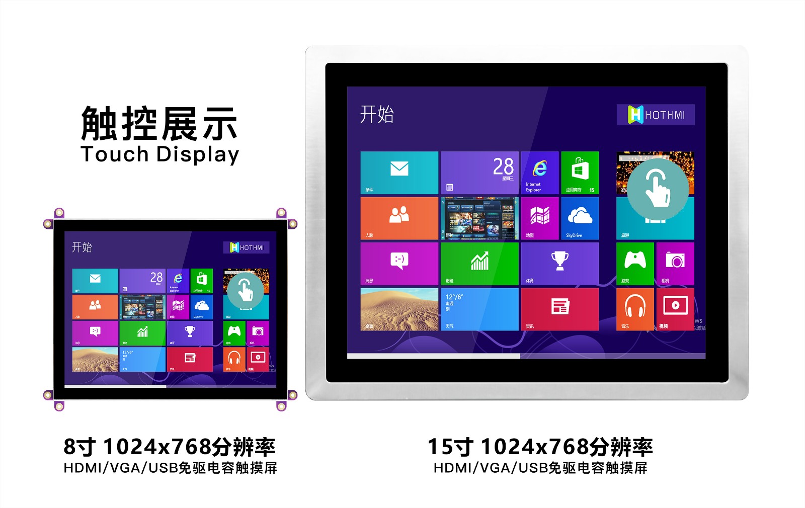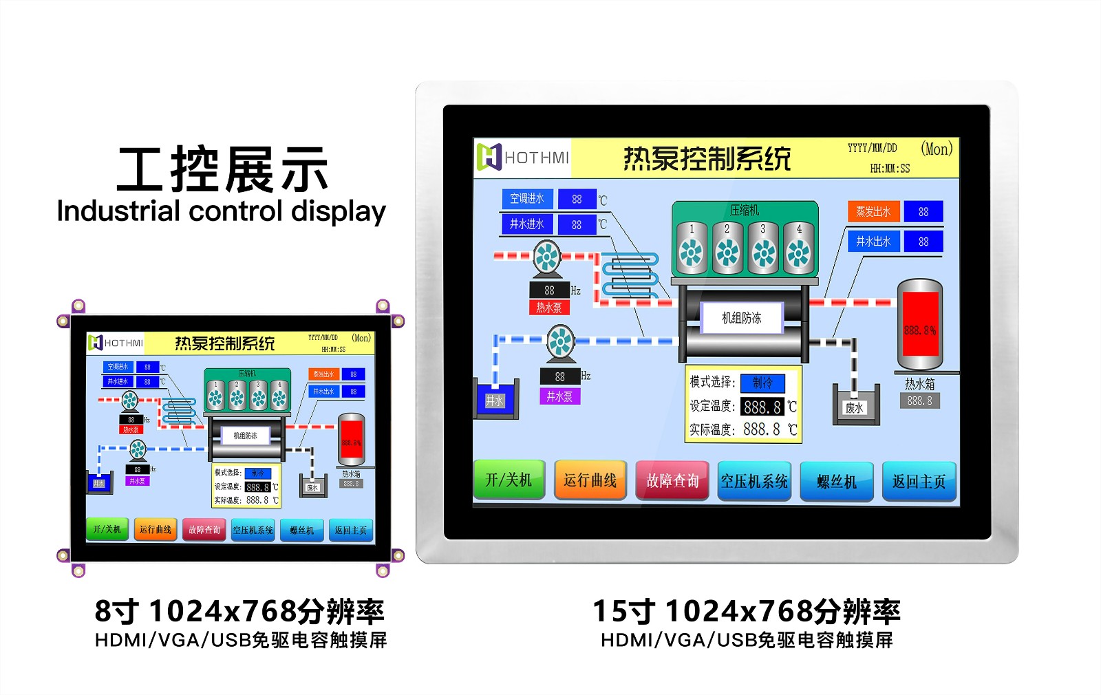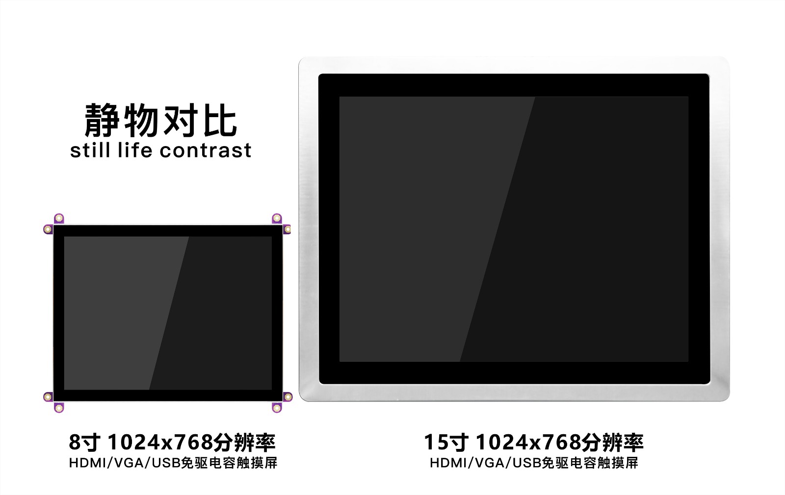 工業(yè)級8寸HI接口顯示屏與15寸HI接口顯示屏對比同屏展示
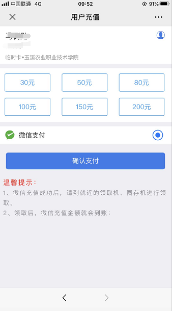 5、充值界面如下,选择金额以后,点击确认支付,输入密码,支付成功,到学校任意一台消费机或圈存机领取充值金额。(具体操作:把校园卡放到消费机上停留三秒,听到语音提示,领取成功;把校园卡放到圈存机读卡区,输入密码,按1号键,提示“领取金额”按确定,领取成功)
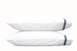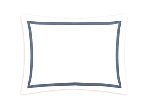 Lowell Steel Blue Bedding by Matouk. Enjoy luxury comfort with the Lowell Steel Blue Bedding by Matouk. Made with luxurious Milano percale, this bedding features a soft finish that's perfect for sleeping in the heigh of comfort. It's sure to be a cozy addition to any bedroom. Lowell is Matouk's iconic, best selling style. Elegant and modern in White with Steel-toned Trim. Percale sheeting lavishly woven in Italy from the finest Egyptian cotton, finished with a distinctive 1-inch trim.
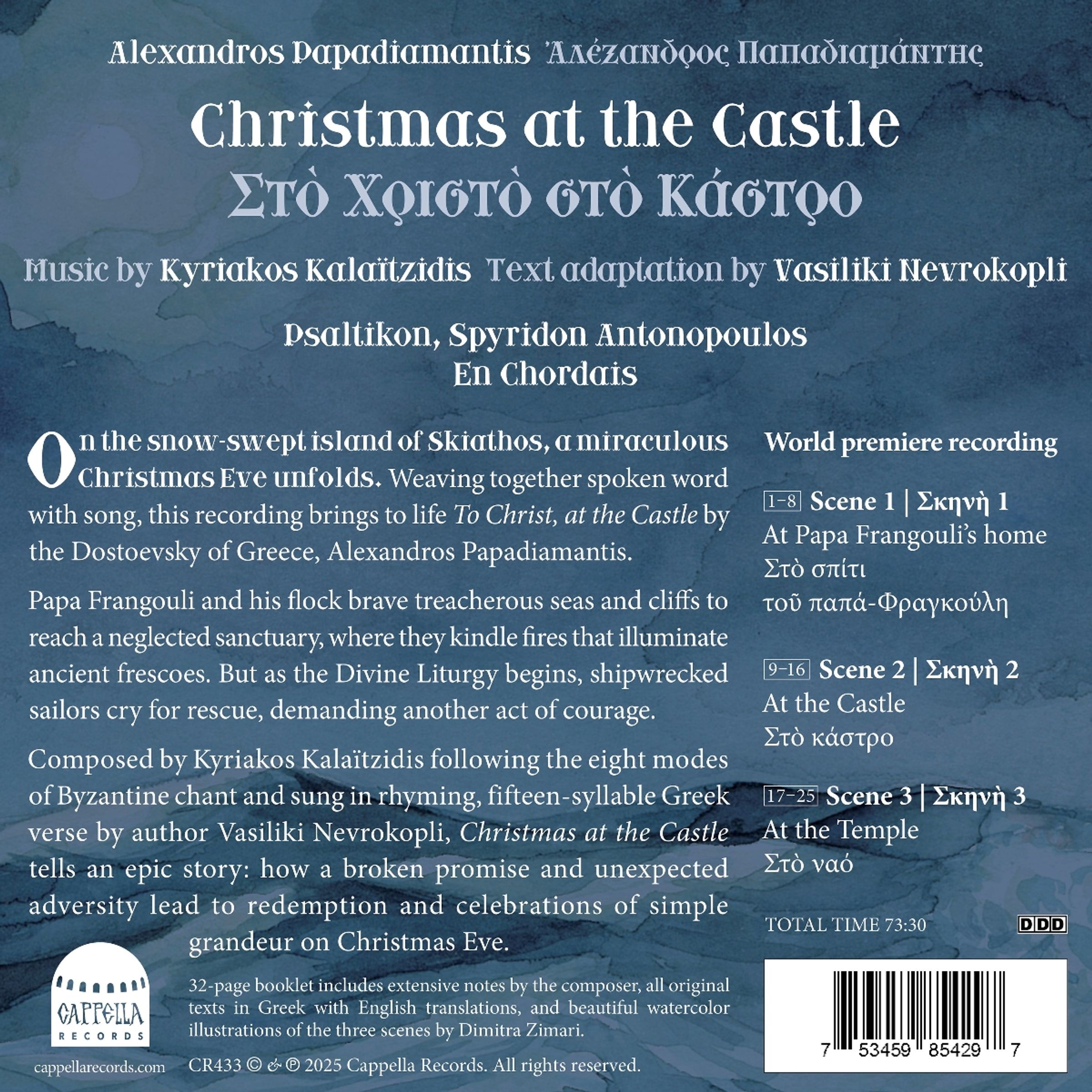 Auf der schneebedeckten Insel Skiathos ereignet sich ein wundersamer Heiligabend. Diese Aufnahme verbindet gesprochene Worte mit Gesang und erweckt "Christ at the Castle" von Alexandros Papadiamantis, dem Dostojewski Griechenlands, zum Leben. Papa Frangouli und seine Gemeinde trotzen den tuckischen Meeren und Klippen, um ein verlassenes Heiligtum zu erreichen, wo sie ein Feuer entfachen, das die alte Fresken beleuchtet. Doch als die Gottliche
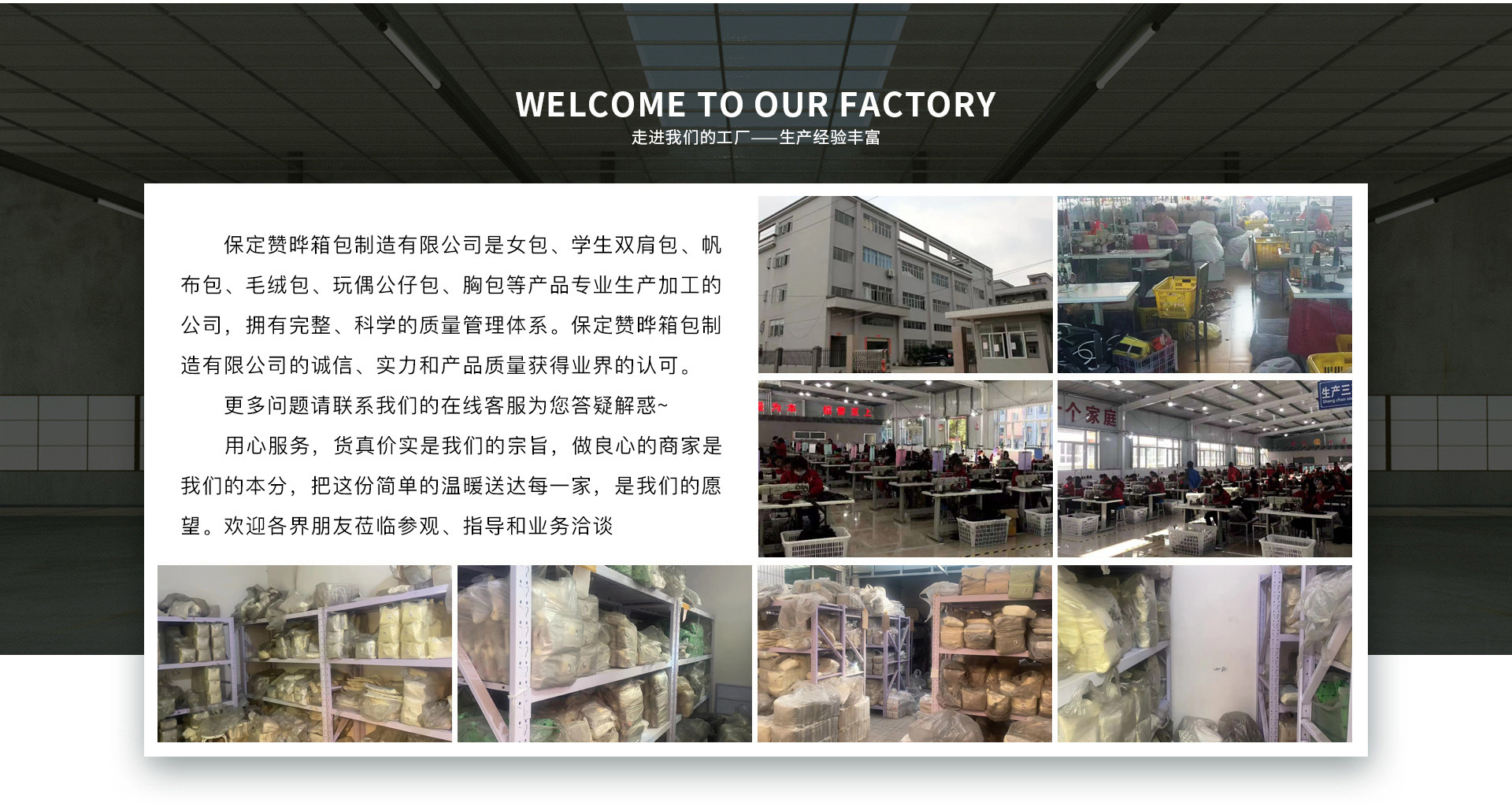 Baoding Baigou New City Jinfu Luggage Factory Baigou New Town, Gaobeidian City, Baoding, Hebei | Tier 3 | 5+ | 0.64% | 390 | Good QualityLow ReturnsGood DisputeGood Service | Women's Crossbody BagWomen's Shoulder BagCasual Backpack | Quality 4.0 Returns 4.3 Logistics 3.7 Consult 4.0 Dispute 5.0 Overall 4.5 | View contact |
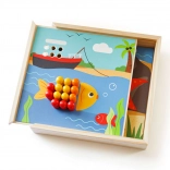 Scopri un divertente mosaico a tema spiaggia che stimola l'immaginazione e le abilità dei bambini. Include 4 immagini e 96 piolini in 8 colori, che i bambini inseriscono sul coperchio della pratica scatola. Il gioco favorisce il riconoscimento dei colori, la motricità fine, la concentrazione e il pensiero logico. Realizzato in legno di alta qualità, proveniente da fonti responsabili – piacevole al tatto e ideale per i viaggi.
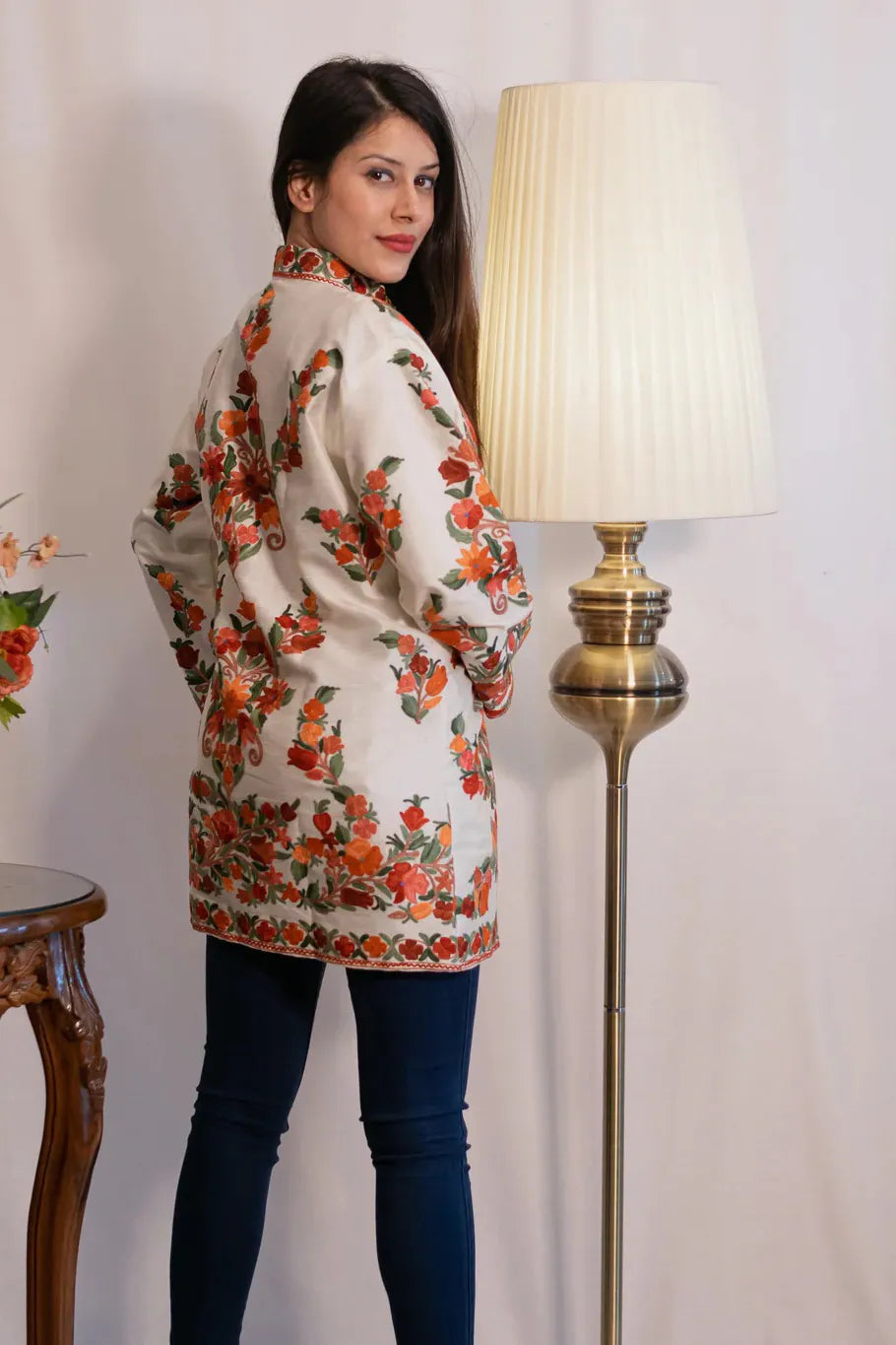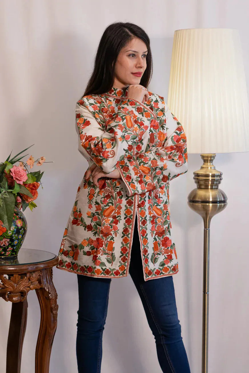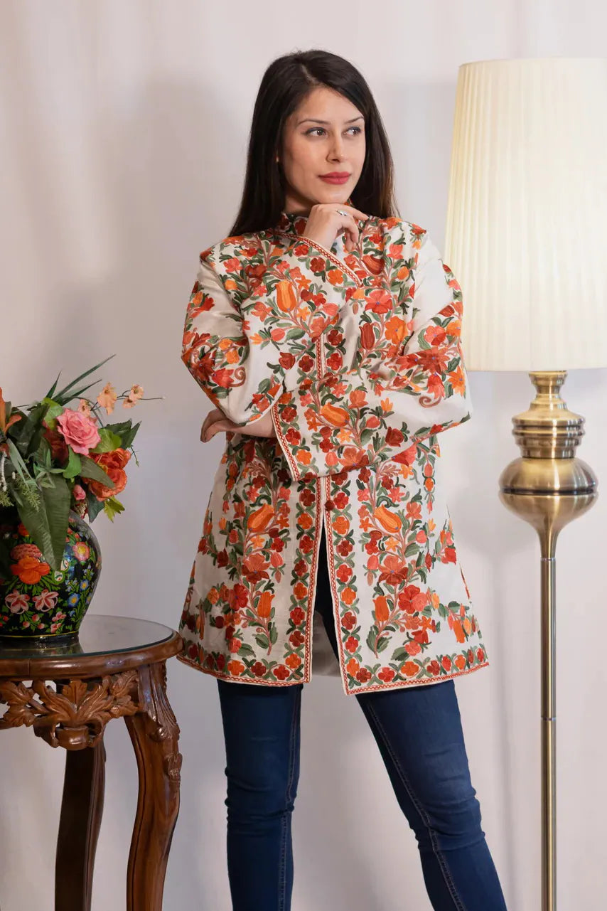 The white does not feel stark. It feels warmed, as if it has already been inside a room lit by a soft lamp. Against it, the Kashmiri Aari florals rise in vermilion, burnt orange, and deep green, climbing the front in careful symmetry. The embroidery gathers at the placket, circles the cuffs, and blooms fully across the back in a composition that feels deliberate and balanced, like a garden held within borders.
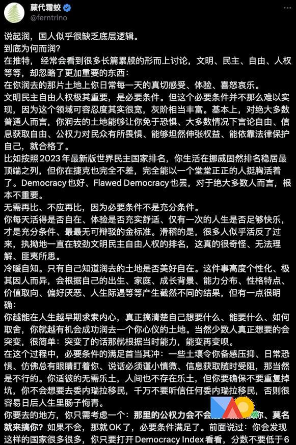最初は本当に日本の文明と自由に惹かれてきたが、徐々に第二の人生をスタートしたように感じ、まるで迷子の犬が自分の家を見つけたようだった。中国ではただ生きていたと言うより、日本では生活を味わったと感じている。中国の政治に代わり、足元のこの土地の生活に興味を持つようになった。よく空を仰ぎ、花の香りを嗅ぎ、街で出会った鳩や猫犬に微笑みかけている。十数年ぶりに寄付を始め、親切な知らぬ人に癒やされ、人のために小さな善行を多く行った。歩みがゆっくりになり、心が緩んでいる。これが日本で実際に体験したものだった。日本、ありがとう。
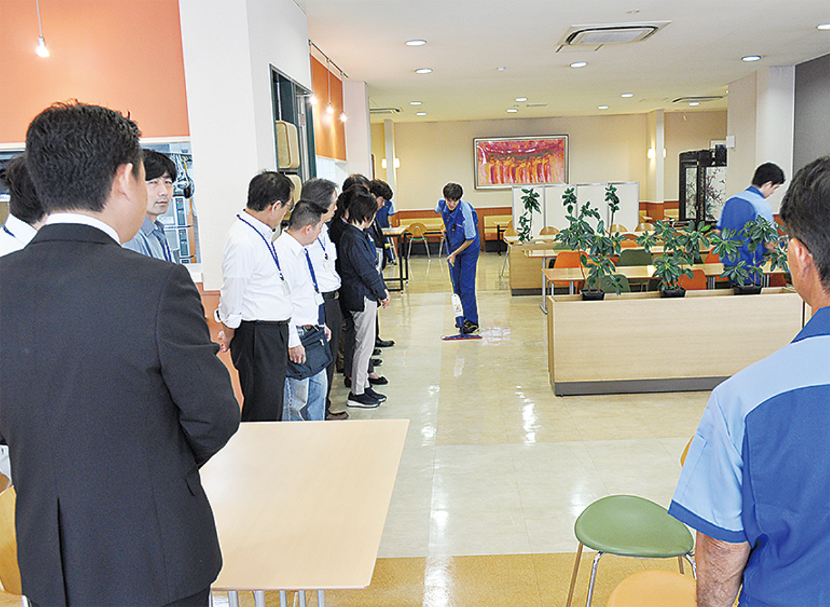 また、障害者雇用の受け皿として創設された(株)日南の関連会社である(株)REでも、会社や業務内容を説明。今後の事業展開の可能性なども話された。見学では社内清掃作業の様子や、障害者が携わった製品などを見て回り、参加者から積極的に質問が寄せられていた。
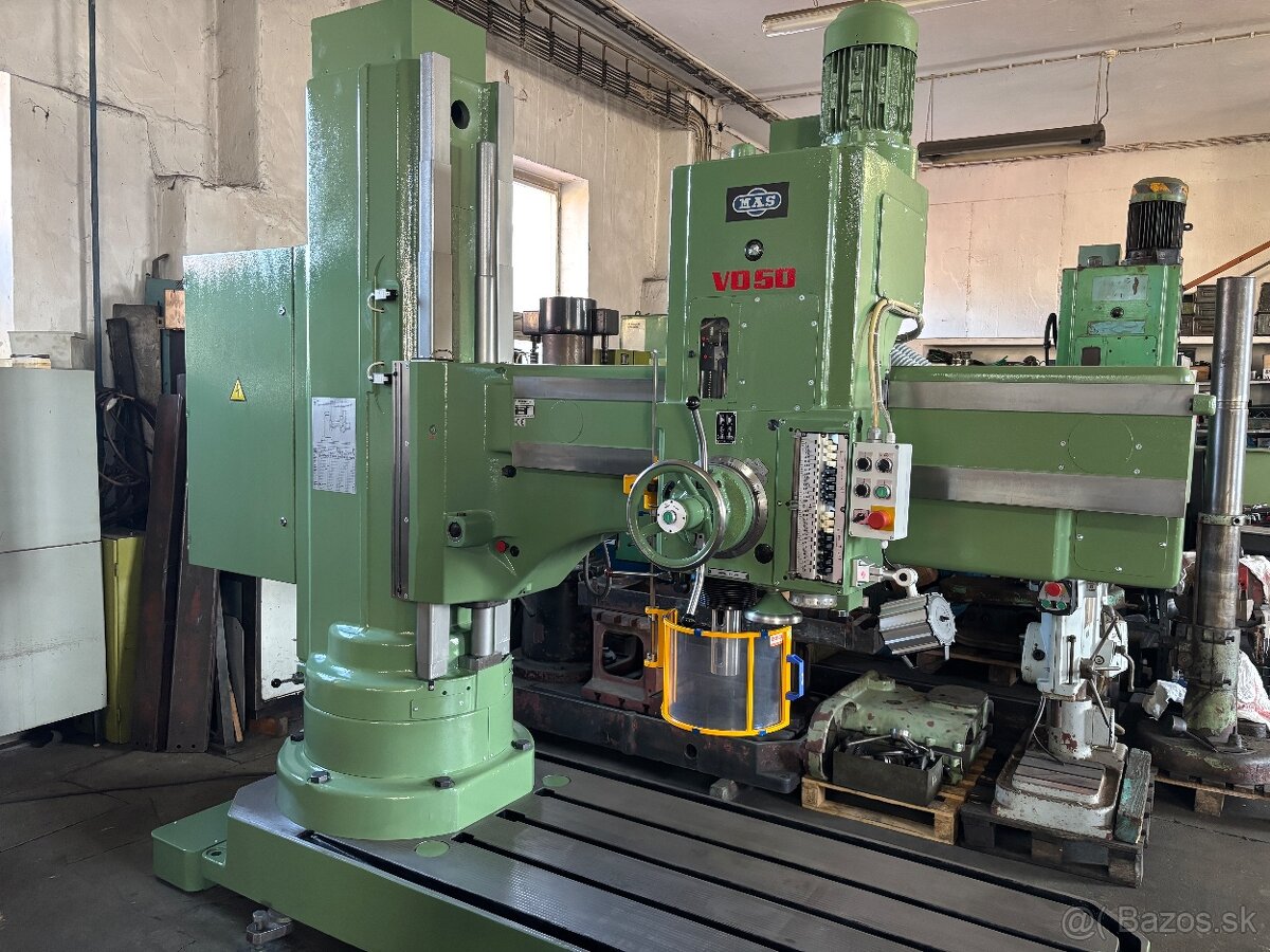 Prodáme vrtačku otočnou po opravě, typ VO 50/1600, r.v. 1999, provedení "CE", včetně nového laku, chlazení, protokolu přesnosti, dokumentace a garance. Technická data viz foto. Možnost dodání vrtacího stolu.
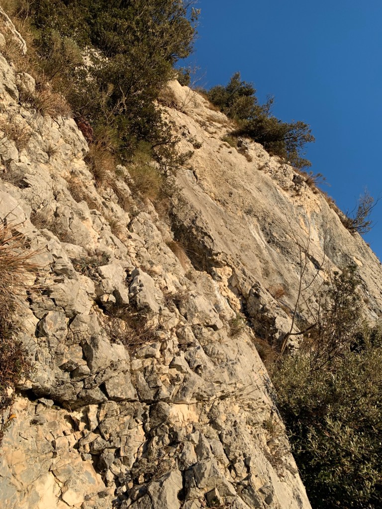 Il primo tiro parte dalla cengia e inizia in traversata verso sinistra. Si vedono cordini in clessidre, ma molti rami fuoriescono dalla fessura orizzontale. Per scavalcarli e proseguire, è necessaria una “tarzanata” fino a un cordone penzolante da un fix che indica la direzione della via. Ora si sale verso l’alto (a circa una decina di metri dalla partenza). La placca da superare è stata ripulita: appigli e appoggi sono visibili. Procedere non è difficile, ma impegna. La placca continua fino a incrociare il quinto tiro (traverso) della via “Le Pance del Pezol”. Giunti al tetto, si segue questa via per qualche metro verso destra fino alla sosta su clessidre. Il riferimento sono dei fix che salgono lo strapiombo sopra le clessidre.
==============================
## Problem to solve:
Every line above from the one with "The white does" down to the one with "また、障害者雇用の受け皿とし" must be written out exactly, and no picture may appear.

## Exercise output:
 The white does not feel stark. It feels warmed, as if it has already been inside a room lit by a soft lamp. Against it, the Kashmiri Aari florals rise in vermilion, burnt orange, and deep green, climbing the front in careful symmetry. The embroidery gathers at the placket, circles the cuffs, and blooms fully across the back in a composition that feels deliberate and balanced, like a garden held within borders.
最初は本当に日本の文明と自由に惹かれてきたが、徐々に第二の人生をスタートしたように感じ、まるで迷子の犬が自分の家を見つけたようだった。中国ではただ生きていたと言うより、日本では生活を味わったと感じている。中国の政治に代わり、足元のこの土地の生活に興味を持つようになった。よく空を仰ぎ、花の香りを嗅ぎ、街で出会った鳩や猫犬に微笑みかけている。十数年ぶりに寄付を始め、親切な知らぬ人に癒やされ、人のために小さな善行を多く行った。歩みがゆっくりになり、心が緩んでいる。これが日本で実際に体験したものだった。日本、ありがとう。
 また、障害者雇用の受け皿として創設された(株)日南の関連会社である(株)REでも、会社や業務内容を説明。今後の事業展開の可能性なども話された。見学では社内清掃作業の様子や、障害者が携わった製品などを見て回り、参加者から積極的に質問が寄せられていた。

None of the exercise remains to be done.